In 2002, the Applicant appealed to the Criminal Injuries Compensation Appeals Panel, but his appeal was turned down. The Applicant applied for judicial review.
HELD:-
Mr Justice Moses considered the terms of the 1995 Scheme. The Applicant’s solicitors had argued that they had submitted some 170 applications in relation to child abuse, and none had been refused on the grounds of delay. Moses J said that he could not accept that argument, given that he knew nothing of these other cases.

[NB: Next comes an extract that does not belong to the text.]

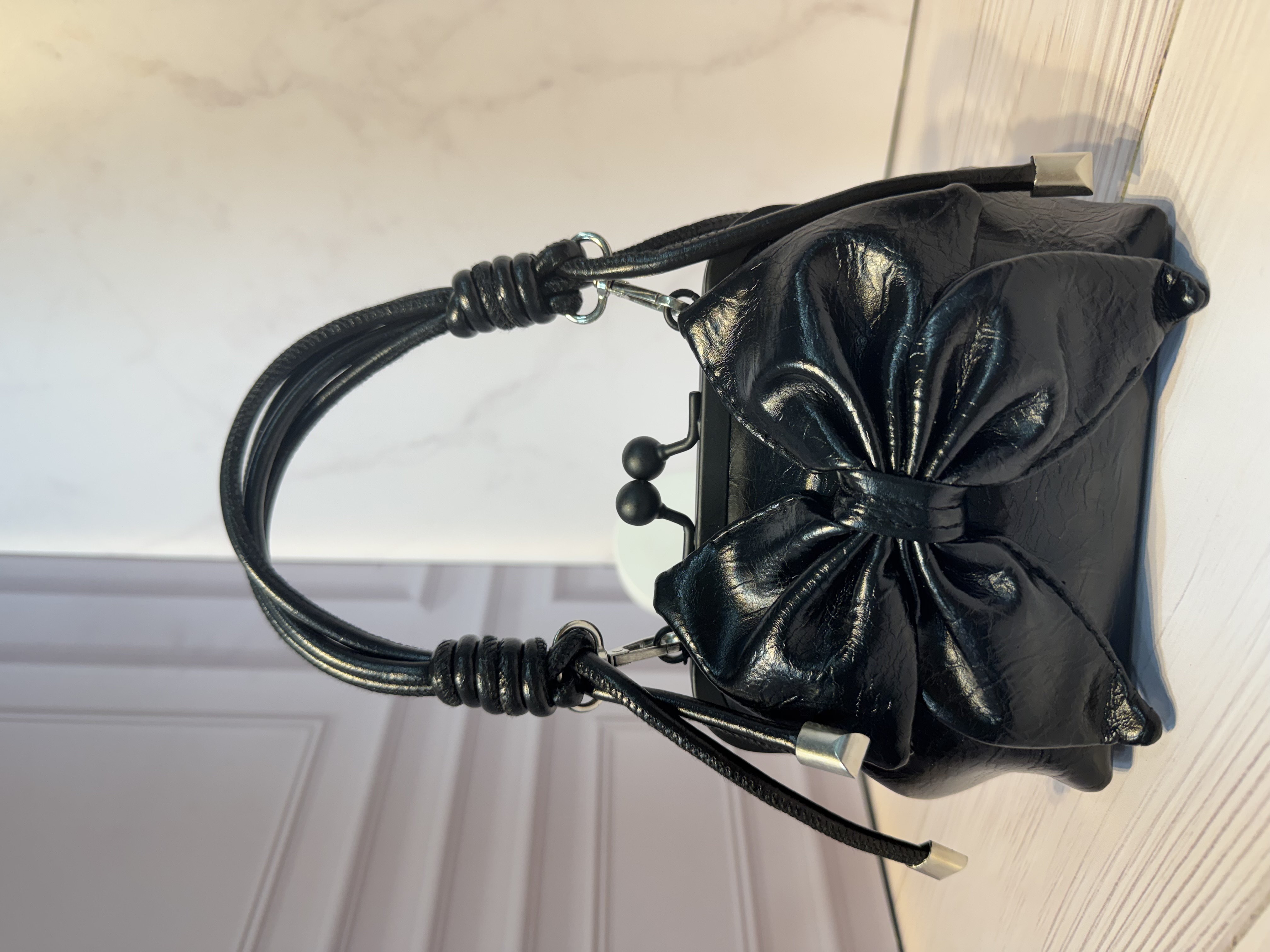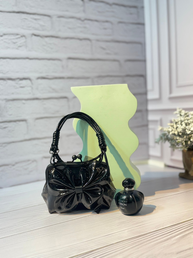 این کیف مینی مجلسی با طراحی خاص پاپیونی و سطح براق، انتخابی متفاوت برای استایلهای خاص و چشمگیر است. فرم برجسته پاپیون در قسمت جلوی کیف، جلوهای فانتزی و هنری ایجاد کرده که بلافاصله توجه را به خود جلب میکند و این مدل را به یک اکسسوری شاخص در استایل شب تبدیل میسازد.

The Applicant’s solicitors had also argued that the CICAP had failed to take into account the report of the psychologist. Moses J said that there was clear authority for the proposition that where a judge was differing from an expert on questions of fact, he should make clear his reasons for doing so. (Re B (A Minor) (Split Hearings : Jurisdiction) [2000] 1 WLR 790). Nearer to this case was that of Re B v The Criminal Injuries Compensation Appeals Panel [2001] EWHC Admin 1147. The judge in that case was prepared to accept that the panel could differ as to the truthfulness of the allegations of sexual abuse from the experts without full analysis of why they were differing, but he was not prepared to accept that it was open to the panel to differ without giving reasons from the expert’s conclusion as to the reason for the lateness of the articulation of those allegations. The panel had rejected the truth of the Claimant’s account because of that delay. However In Re B was not about whether the time limit should be waived, and in the present case, the chair of the CICAP was considered the question of whether the explanation for delay in bringing the application should be accepted and if accepted, whether it was reasonable and in the interests of justice to waive the time limit. The chair had actually pointed out that the Claimant had reported the matter not only to his GP but also to a mental health team and to a social worker in 1973. She had taken the view that the explanation for the delay, suppressed memory was not made out.
The Appeal Panel had to consider the case in the context of the provisions of the Scheme, and in particular bearing in mind the delay caused to other cases by investigating cases where the incidents had taken place a very long time ago. The Applicant’s credibility had not been impugned.
In relation to any irrationality, in light of the above comments little remained to be said. The application for judicial review would be dismissed.